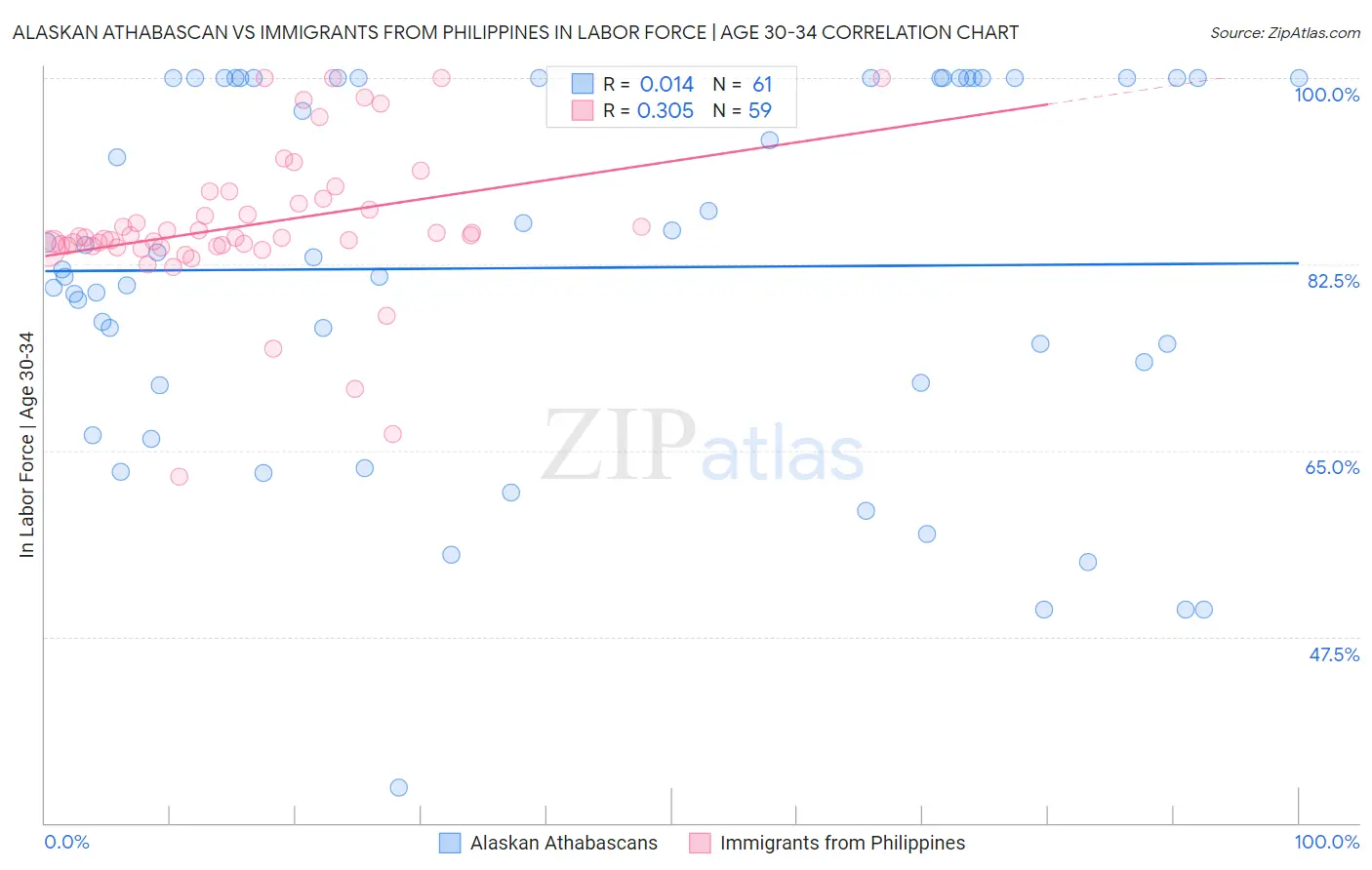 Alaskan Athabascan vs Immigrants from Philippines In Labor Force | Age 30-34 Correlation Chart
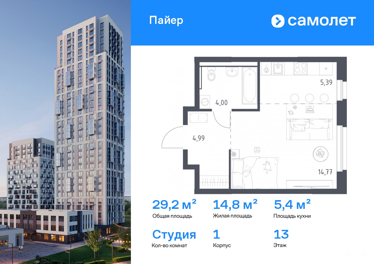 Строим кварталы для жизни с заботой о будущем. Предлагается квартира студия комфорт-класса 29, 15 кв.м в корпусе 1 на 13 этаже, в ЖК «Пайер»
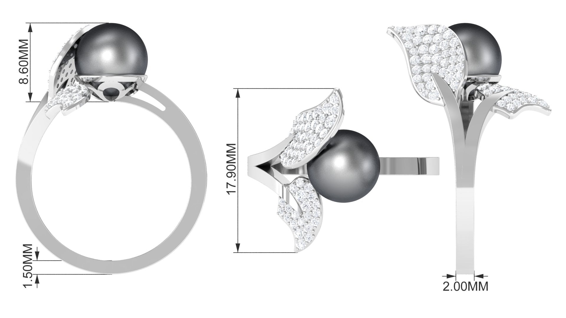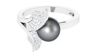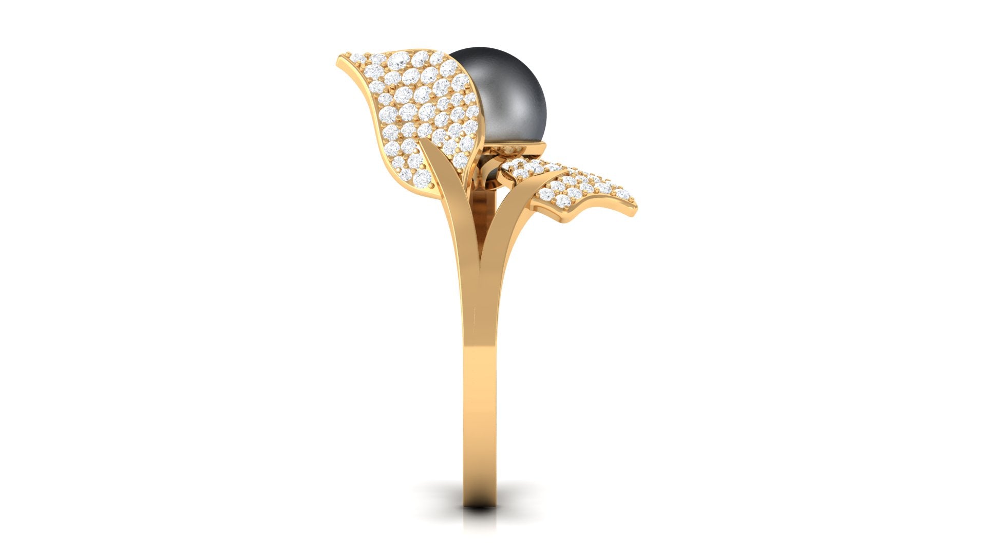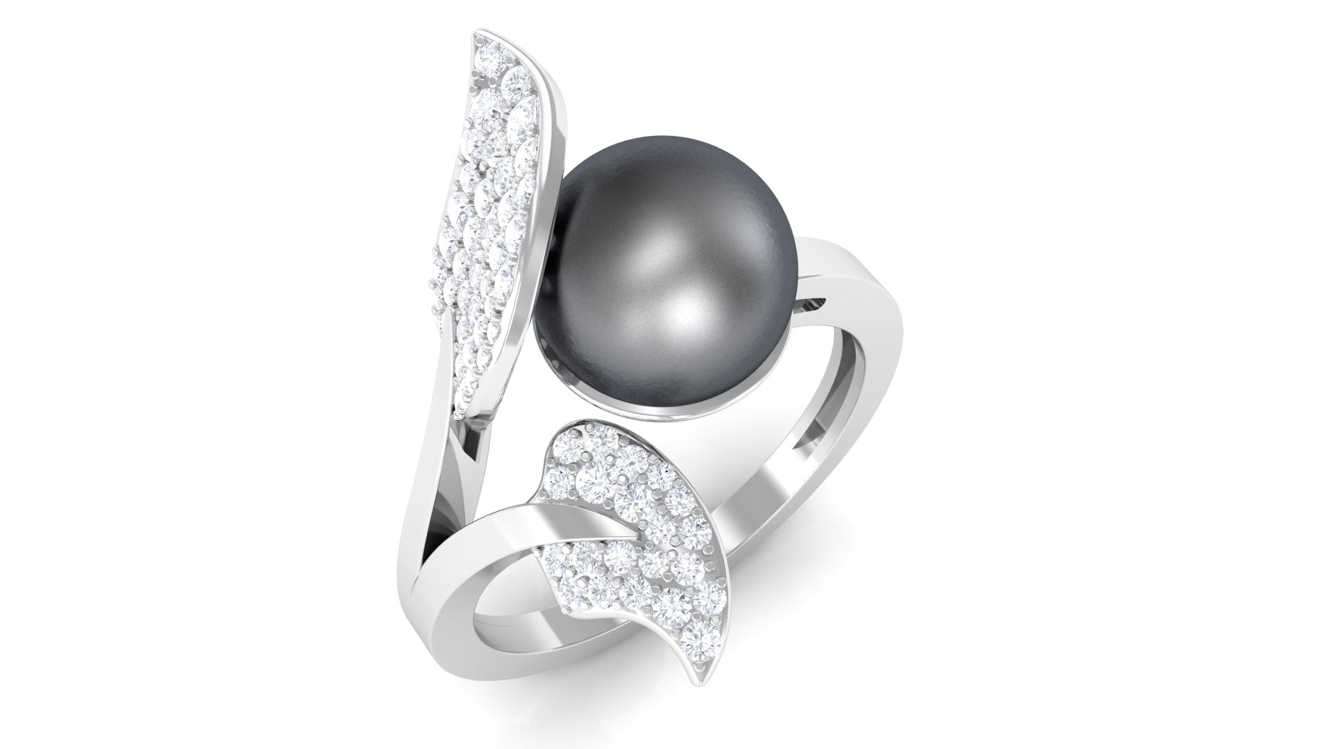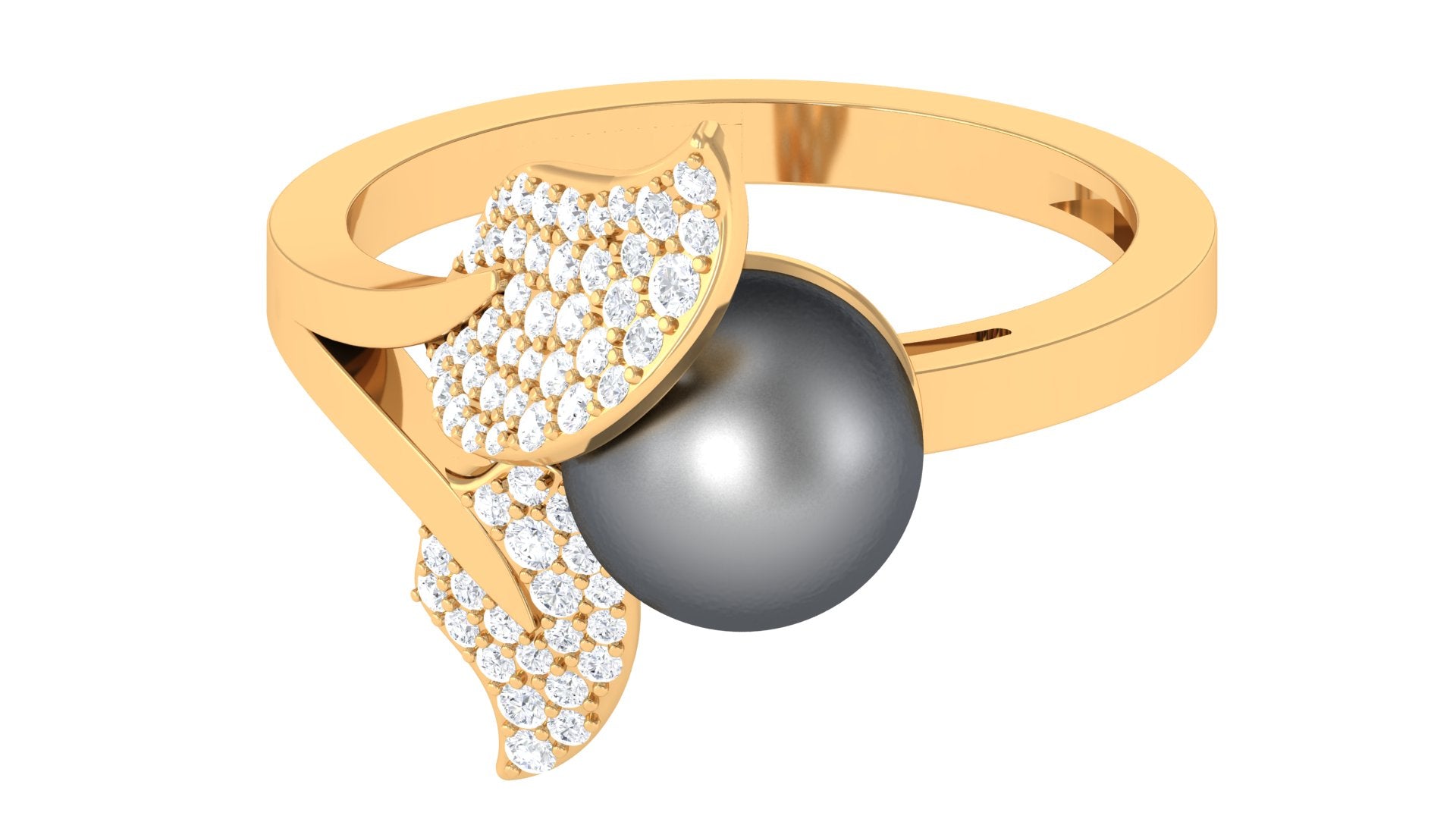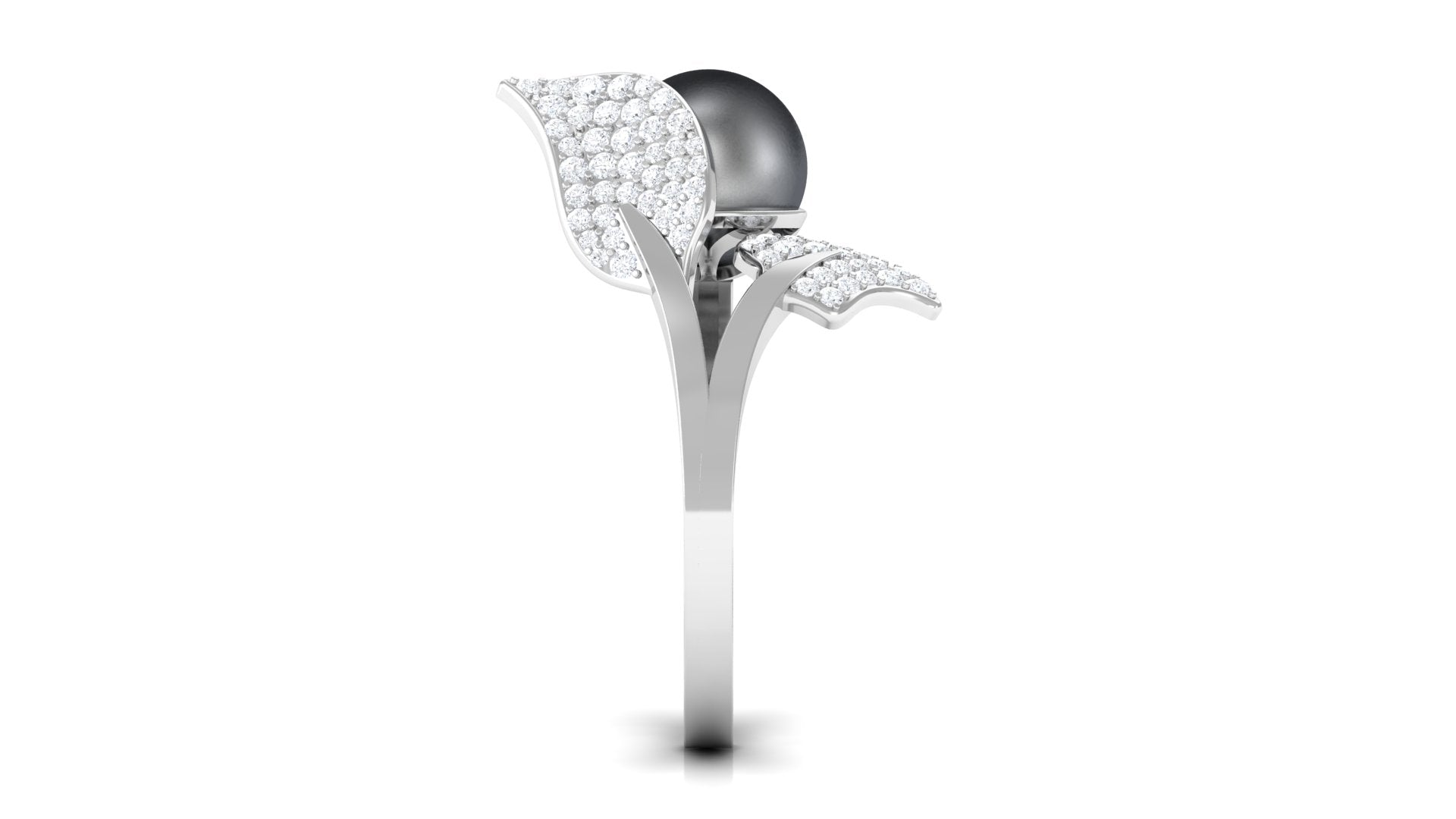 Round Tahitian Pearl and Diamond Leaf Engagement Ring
• • •
- [THE TASK]: Quote everything in the listing above exactly; pictures are the only thing to omit.

- [WRITTEN SOLUTION]:
 Alaskan Athabascan vs Immigrants from Philippines In Labor Force | Age 30-34 Correlation Chart
 Строим кварталы для жизни с заботой о будущем. Предлагается квартира студия комфорт-класса 29, 15 кв.м в корпусе 1 на 13 этаже, в ЖК «Пайер»
 Round Tahitian Pearl and Diamond Leaf Engagement Ring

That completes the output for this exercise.